-- TASK PROMPT --
The lines wanted are those from the one containing "Sargent's Weeping Hemlock" to the last line of the entries below; output them exactly, leaving out pictures.

-- SOURCE RECORDS --

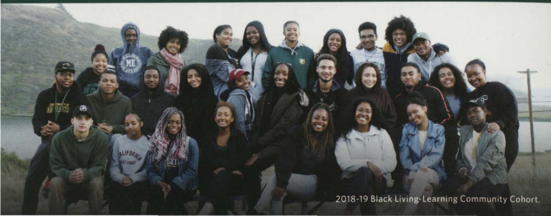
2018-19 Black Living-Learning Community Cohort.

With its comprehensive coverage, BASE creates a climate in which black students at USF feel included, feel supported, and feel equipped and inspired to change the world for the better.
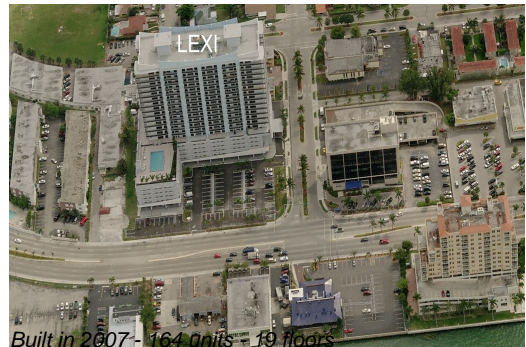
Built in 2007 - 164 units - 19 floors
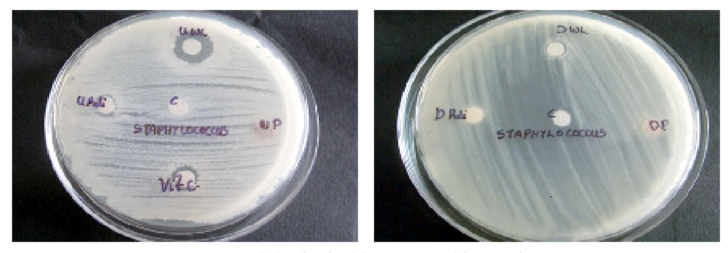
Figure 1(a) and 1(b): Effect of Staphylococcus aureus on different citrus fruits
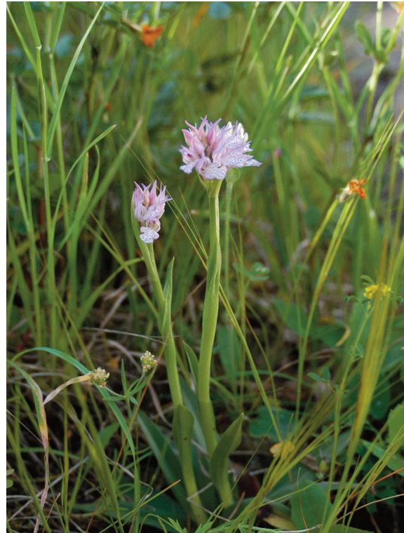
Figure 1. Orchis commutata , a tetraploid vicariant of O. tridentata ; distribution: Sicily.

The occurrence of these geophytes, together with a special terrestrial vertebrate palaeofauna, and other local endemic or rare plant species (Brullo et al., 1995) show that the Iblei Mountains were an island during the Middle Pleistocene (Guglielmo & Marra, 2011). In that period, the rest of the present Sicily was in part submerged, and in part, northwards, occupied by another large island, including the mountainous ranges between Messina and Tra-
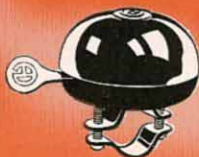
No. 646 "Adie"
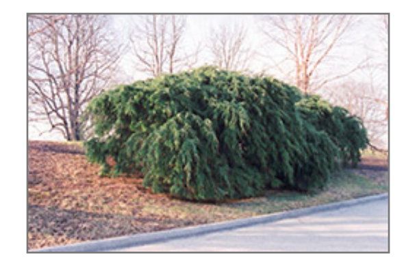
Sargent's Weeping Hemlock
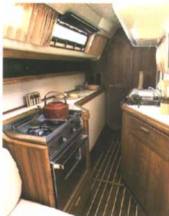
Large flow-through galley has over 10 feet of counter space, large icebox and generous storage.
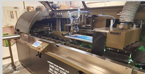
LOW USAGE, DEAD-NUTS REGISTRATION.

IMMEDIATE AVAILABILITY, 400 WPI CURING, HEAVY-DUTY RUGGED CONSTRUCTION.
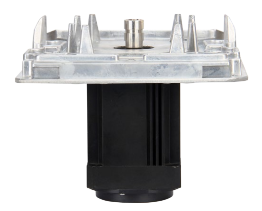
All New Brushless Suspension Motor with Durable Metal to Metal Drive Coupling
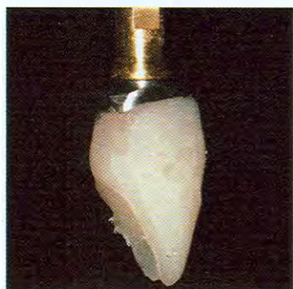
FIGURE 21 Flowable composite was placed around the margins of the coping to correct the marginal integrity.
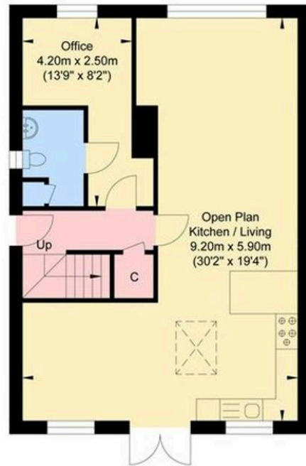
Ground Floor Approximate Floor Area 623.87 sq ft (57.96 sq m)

-- WRITTEN REPLY --
Sargent's Weeping Hemlock
Large flow-through galley has over 10 feet of counter space, large icebox and generous storage.
LOW USAGE, DEAD-NUTS REGISTRATION.

IMMEDIATE AVAILABILITY, 400 WPI CURING, HEAVY-DUTY RUGGED CONSTRUCTION.
All New Brushless Suspension Motor with Durable Metal to Metal Drive Coupling
FIGURE 21 Flowable composite was placed around the margins of the coping to correct the marginal integrity.
Ground Floor Approximate Floor Area 623.87 sq ft (57.96 sq m)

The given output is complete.